**What you will do**
Retype the following data exactly, but leave its pictures out.

**Data records**

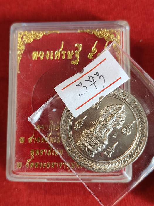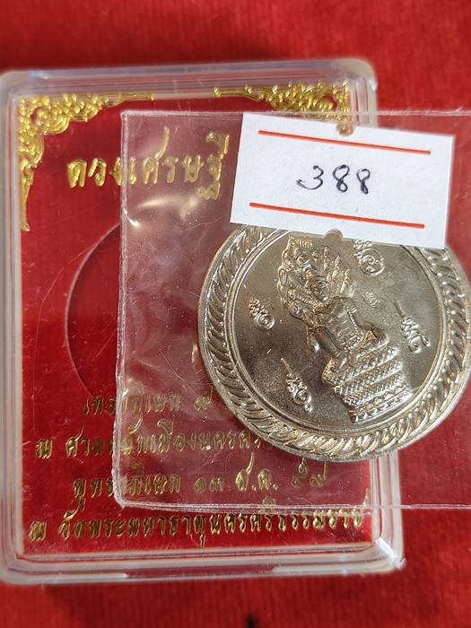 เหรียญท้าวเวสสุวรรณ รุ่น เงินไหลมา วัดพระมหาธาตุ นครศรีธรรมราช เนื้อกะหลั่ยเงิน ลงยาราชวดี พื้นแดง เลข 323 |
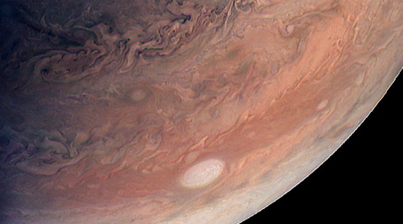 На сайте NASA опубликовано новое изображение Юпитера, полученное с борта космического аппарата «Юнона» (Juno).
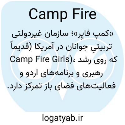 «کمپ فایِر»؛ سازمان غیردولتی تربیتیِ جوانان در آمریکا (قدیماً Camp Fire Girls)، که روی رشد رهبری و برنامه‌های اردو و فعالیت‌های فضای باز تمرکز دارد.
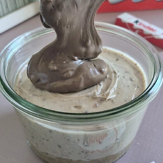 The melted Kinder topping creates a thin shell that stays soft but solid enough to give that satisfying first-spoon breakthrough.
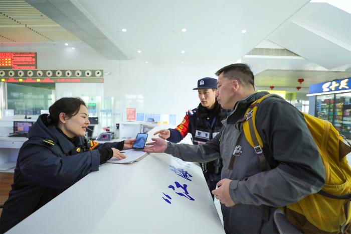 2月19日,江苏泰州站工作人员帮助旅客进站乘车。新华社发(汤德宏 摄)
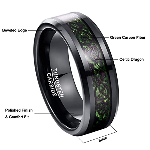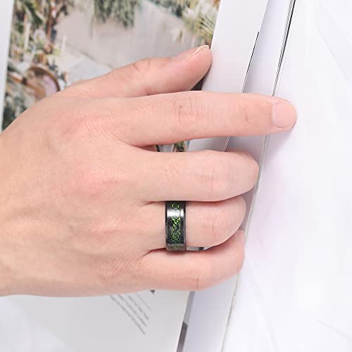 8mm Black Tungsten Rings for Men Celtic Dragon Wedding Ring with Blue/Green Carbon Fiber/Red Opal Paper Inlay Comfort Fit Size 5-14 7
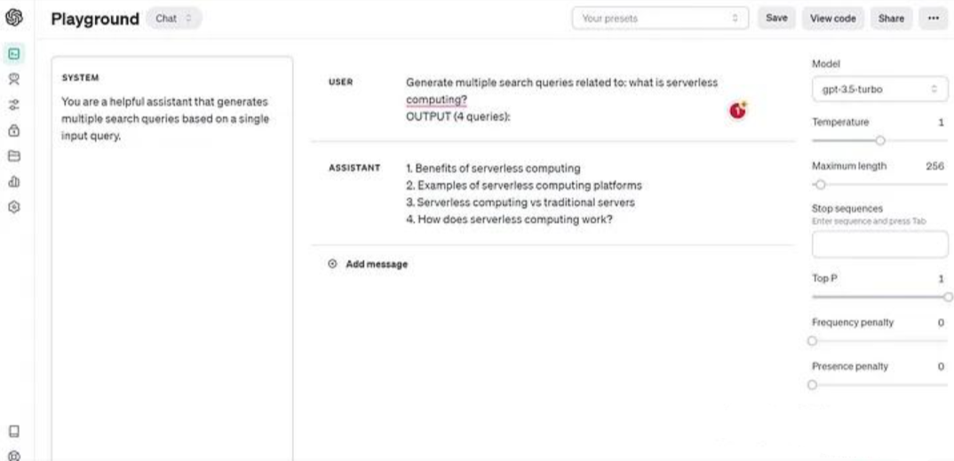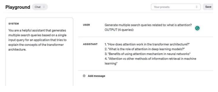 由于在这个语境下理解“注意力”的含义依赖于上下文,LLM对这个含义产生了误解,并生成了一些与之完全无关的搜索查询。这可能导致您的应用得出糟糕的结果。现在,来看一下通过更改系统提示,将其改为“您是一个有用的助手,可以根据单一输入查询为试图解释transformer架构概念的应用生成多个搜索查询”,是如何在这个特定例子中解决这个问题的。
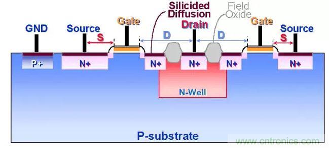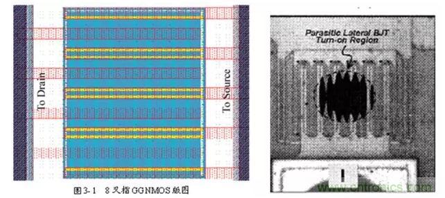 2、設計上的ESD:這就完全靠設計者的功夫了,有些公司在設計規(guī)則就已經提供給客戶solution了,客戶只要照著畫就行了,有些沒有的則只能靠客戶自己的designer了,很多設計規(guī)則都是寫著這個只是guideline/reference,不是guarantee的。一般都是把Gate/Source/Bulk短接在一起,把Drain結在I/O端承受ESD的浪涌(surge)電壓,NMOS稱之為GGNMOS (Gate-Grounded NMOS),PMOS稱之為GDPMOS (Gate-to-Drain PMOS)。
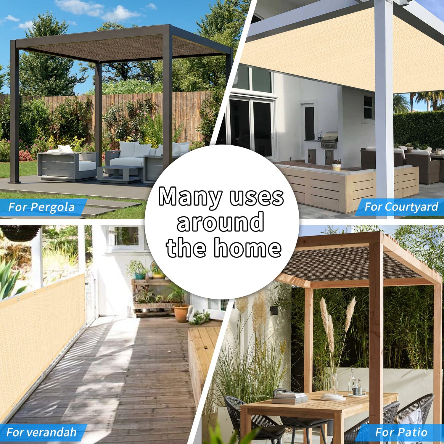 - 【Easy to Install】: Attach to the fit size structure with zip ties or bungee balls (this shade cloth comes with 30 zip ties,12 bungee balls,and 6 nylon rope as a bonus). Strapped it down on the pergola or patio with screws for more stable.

**Task output**
 เหรียญท้าวเวสสุวรรณ รุ่น เงินไหลมา วัดพระมหาธาตุ นครศรีธรรมราช เนื้อกะหลั่ยเงิน ลงยาราชวดี พื้นแดง เลข 323 |
 На сайте NASA опубликовано новое изображение Юпитера, полученное с борта космического аппарата «Юнона» (Juno).
 «کمپ فایِر»؛ سازمان غیردولتی تربیتیِ جوانان در آمریکا (قدیماً Camp Fire Girls)، که روی رشد رهبری و برنامه‌های اردو و فعالیت‌های فضای باز تمرکز دارد.
 The melted Kinder topping creates a thin shell that stays soft but solid enough to give that satisfying first-spoon breakthrough.
 2月19日,江苏泰州站工作人员帮助旅客进站乘车。新华社发(汤德宏 摄)
 8mm Black Tungsten Rings for Men Celtic Dragon Wedding Ring with Blue/Green Carbon Fiber/Red Opal Paper Inlay Comfort Fit Size 5-14 7
 由于在这个语境下理解“注意力”的含义依赖于上下文,LLM对这个含义产生了误解,并生成了一些与之完全无关的搜索查询。这可能导致您的应用得出糟糕的结果。现在,来看一下通过更改系统提示,将其改为“您是一个有用的助手,可以根据单一输入查询为试图解释transformer架构概念的应用生成多个搜索查询”,是如何在这个特定例子中解决这个问题的。
 2、設計上的ESD:這就完全靠設計者的功夫了,有些公司在設計規(guī)則就已經提供給客戶solution了,客戶只要照著畫就行了,有些沒有的則只能靠客戶自己的designer了,很多設計規(guī)則都是寫著這個只是guideline/reference,不是guarantee的。一般都是把Gate/Source/Bulk短接在一起,把Drain結在I/O端承受ESD的浪涌(surge)電壓,NMOS稱之為GGNMOS (Gate-Grounded NMOS),PMOS稱之為GDPMOS (Gate-to-Drain PMOS)。
 - 【Easy to Install】: Attach to the fit size structure with zip ties or bungee balls (this shade cloth comes with 30 zip ties,12 bungee balls,and 6 nylon rope as a bonus). Strapped it down on the pergola or patio with screws for more stable.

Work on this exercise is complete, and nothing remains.